● INPUT MATERIAL:
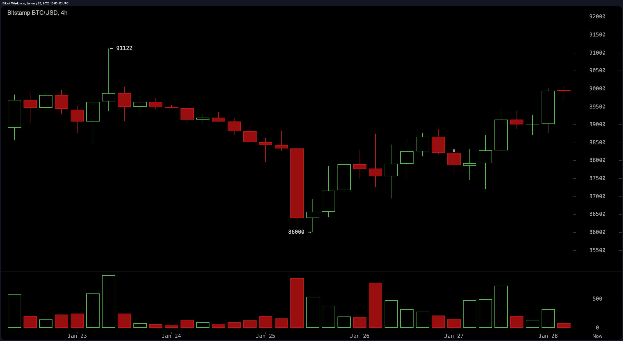 Zooming in on the 4-hour chart, bitcoin seems to be catching its breath after its recent sprint. The pattern since the January 25 low at $86,000 resembles a rounded bottom—a classic shape for staged recovery. Prices have since crept up in a stair-step fashion, but the resistance around $90,000 to $91,000 is acting like a velvet rope outside an exclusive club: it’s letting some through, but not without hesitation. A modest build-up in momentum is visible, but it’s conspicuously lacking the kind of volume one might expect for a breakout encore. A cautious approach may be warranted as the structure tests the overhead barrier.
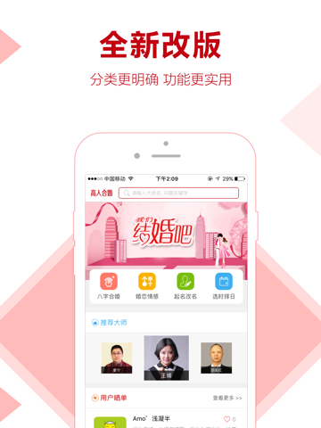 高人合婚是高人汇旗下的一款专业的婚恋情感预测手机应用。数百名知名周易婚姻算命大师真人在线1对1为您批八字、测姻缘、合八字婚配、测感情促婚姻。
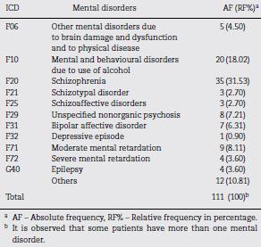 Regarding to the nosological profiles, Table 2 reveals that there are patients with more than one type of mental disorder and that schizophrenia is the most prevalent mental disorder (31.53%).
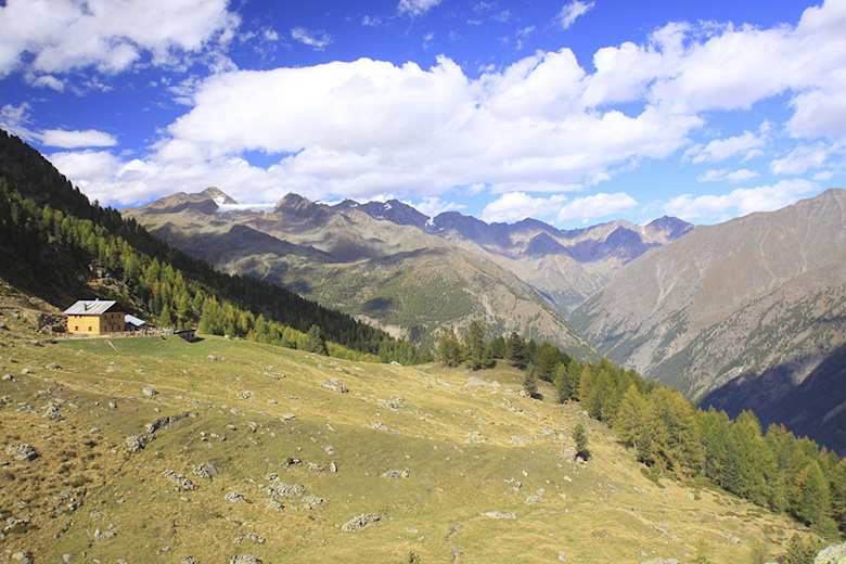Der Aufstieg führt vom Parkplatz von Karthaus (1.327 m) zur Kloster Alm (2.152 m), eine schöne Alm der einstigen Kartäusermönche des Klosters Allerengelberg in Karthaus im Schnalstal.
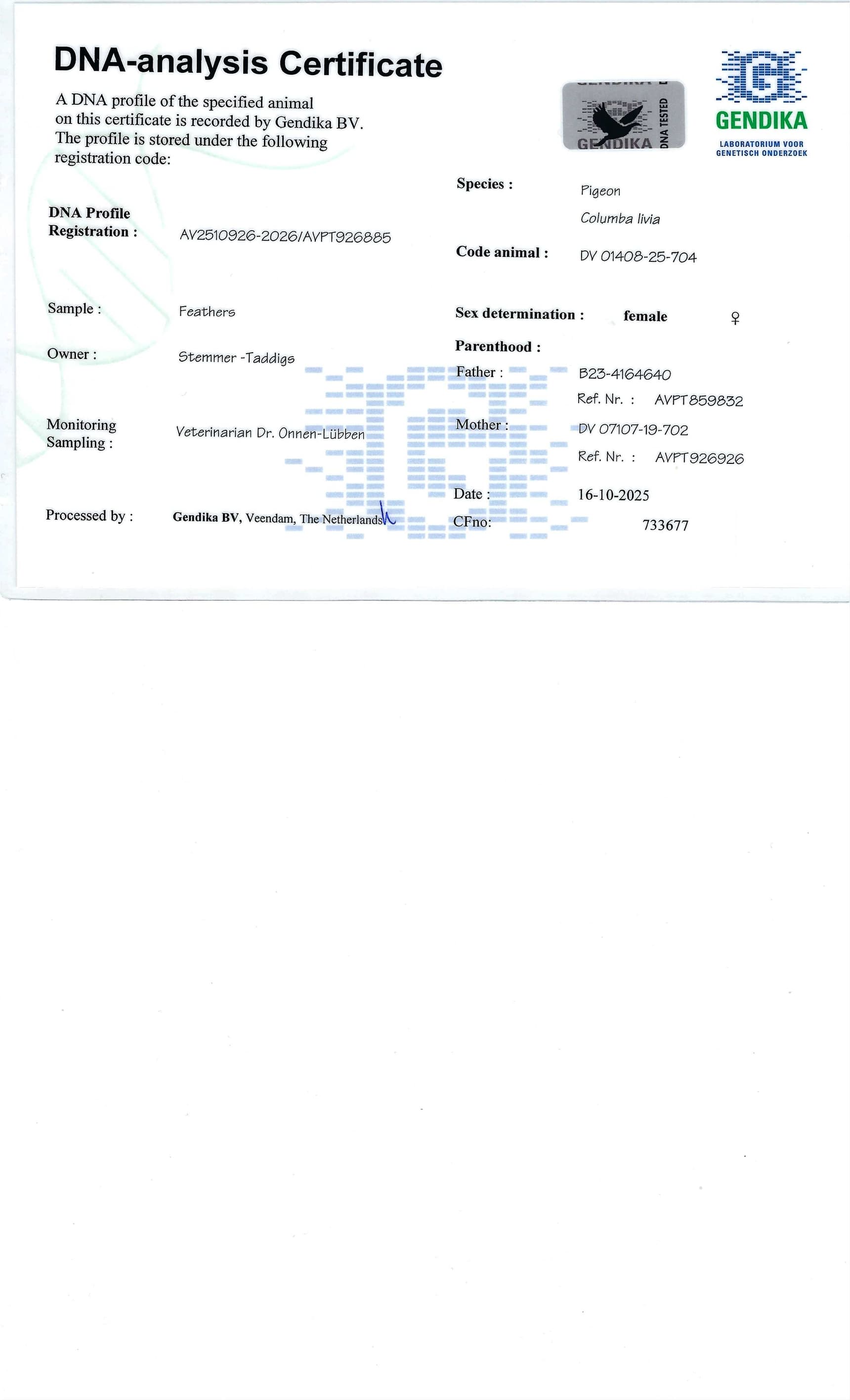 “Daughter Blue Gala 085” B17-4062085 won:
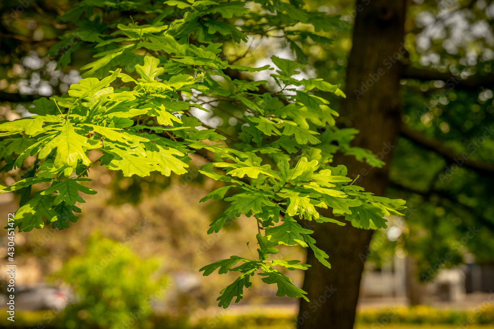 detail of common oak (Quercus robur) leafs with blurred background in springtime
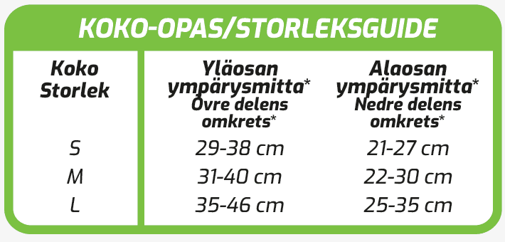 Varmista oikea kokosi tuotekuvan alla olevasta kokotaulukosta.

● EXERCISE PROMPT: Restate word for word the lines that begin at the one containing "Regarding to the" and end with the final line of the records. Pictures stay out.

● THE ANSWER:
 Regarding to the nosological profiles, Table 2 reveals that there are patients with more than one type of mental disorder and that schizophrenia is the most prevalent mental disorder (31.53%).
Der Aufstieg führt vom Parkplatz von Karthaus (1.327 m) zur Kloster Alm (2.152 m), eine schöne Alm der einstigen Kartäusermönche des Klosters Allerengelberg in Karthaus im Schnalstal.
 “Daughter Blue Gala 085” B17-4062085 won:
 detail of common oak (Quercus robur) leafs with blurred background in springtime
 Varmista oikea kokosi tuotekuvan alla olevasta kokotaulukosta.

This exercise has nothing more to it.